I was actually preventing it from rejoining by sleeping the device too quickly; it just couldn't get back in before I told it to shut down.

Why don't other people have this problem? I think they do sometimes, but didn't spend the time it took me to chase it down. I spent months watching and trying things before I stumbled on it mostly by accident looking at the tables because of some other problem someone else had with their network.

My network is humming along with only an occasional missed message. The extended awake time hasn't seemed to be a problem with the battery life either. The XBee trying to rejoin was a heavier load on the battery than the extra time the receiver is on. Transmit takes more power than receive, and I only transmit one message every two minutes, so the tiny overhead of the acknowledge packets isn't noticeable.

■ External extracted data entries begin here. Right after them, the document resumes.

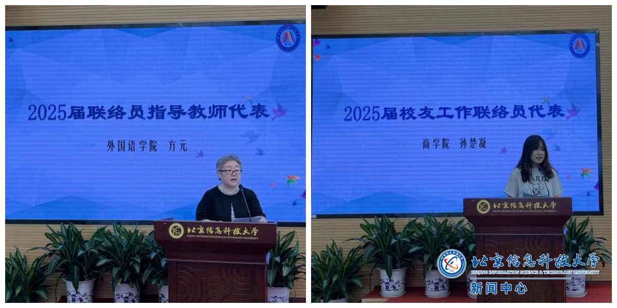 校友工作联络员指导教师代表、外国语学院教师方元,校友工作联络员代表、商学院毕业生孙楚凝分别发言,他们表示一定会履行职责,秉承积极为校友与母校服务的宗旨,积极配合校友会开展工作,为校友成长和母校发展贡献自己的力量。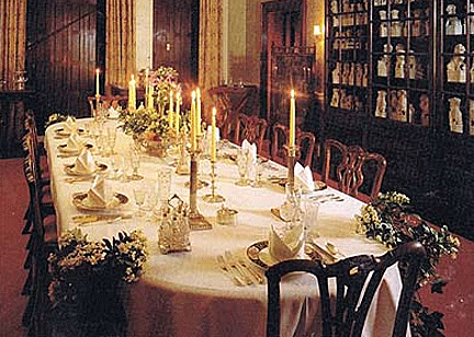 etiquette of the day dictate who sat where, decorum at the dinner table,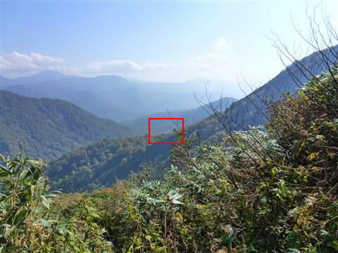 山頂方面へ向かうのには下方に見える沢からあそこまでは登らなければならないわけで結構愕然としました。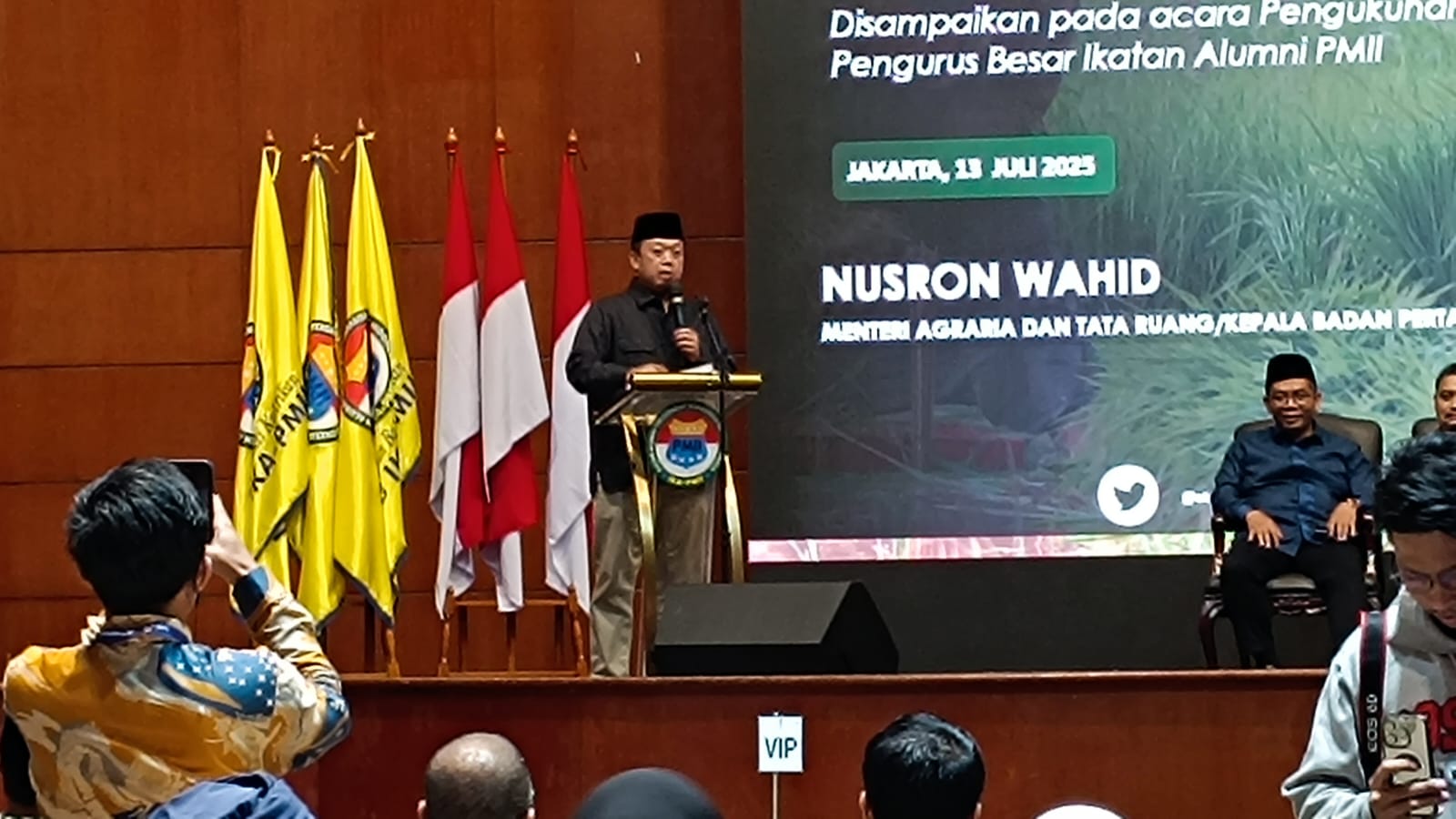 Hal itu diungkapkan langsung Menteri Agraria dan Tata Ruang/Kepala Badan Pertanahan Nasional Nusron Wahid dalam acara Diskusi Publik Sesi II Pengukuhan dan Rapat Kerja Nasional (Rakernas) I Pengurus Besar Ikatan Alumni Pergerakan Mahasiswa Islam Indonesia (PB IKA PMII) yang diselenggarakan di Hotel Bidakara Jakarta, Jakarta Selatan, Minggu, 13 Juli 2025.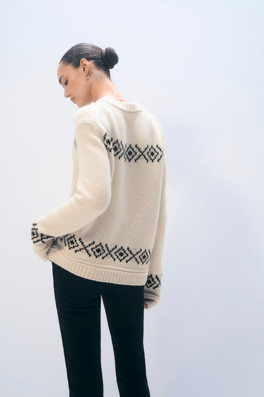 Cashmere Blend Ski Crewneck in Ivory/Black/Red

It's been seven full days of bliss because all the sensors and control systems are working perfectly. The network even has more capacity available for even more XBees. This is really tempting because my indoor freezer has a failing thermostat. Stupid thermostats on freezers are expensive and I already monitor the temperature inside it. It may be time to take complete control of the freezer. I wouldn't even consider that with the devices acting the way they were.

I know, in the scheme of things this short a period of time doesn't actually prove the problem is gone. But, the instant clearing of problems that had culminated with the increased number of cell phones pretty much convinces me I have it taken care of.

Maybe I can start thinking about something else now.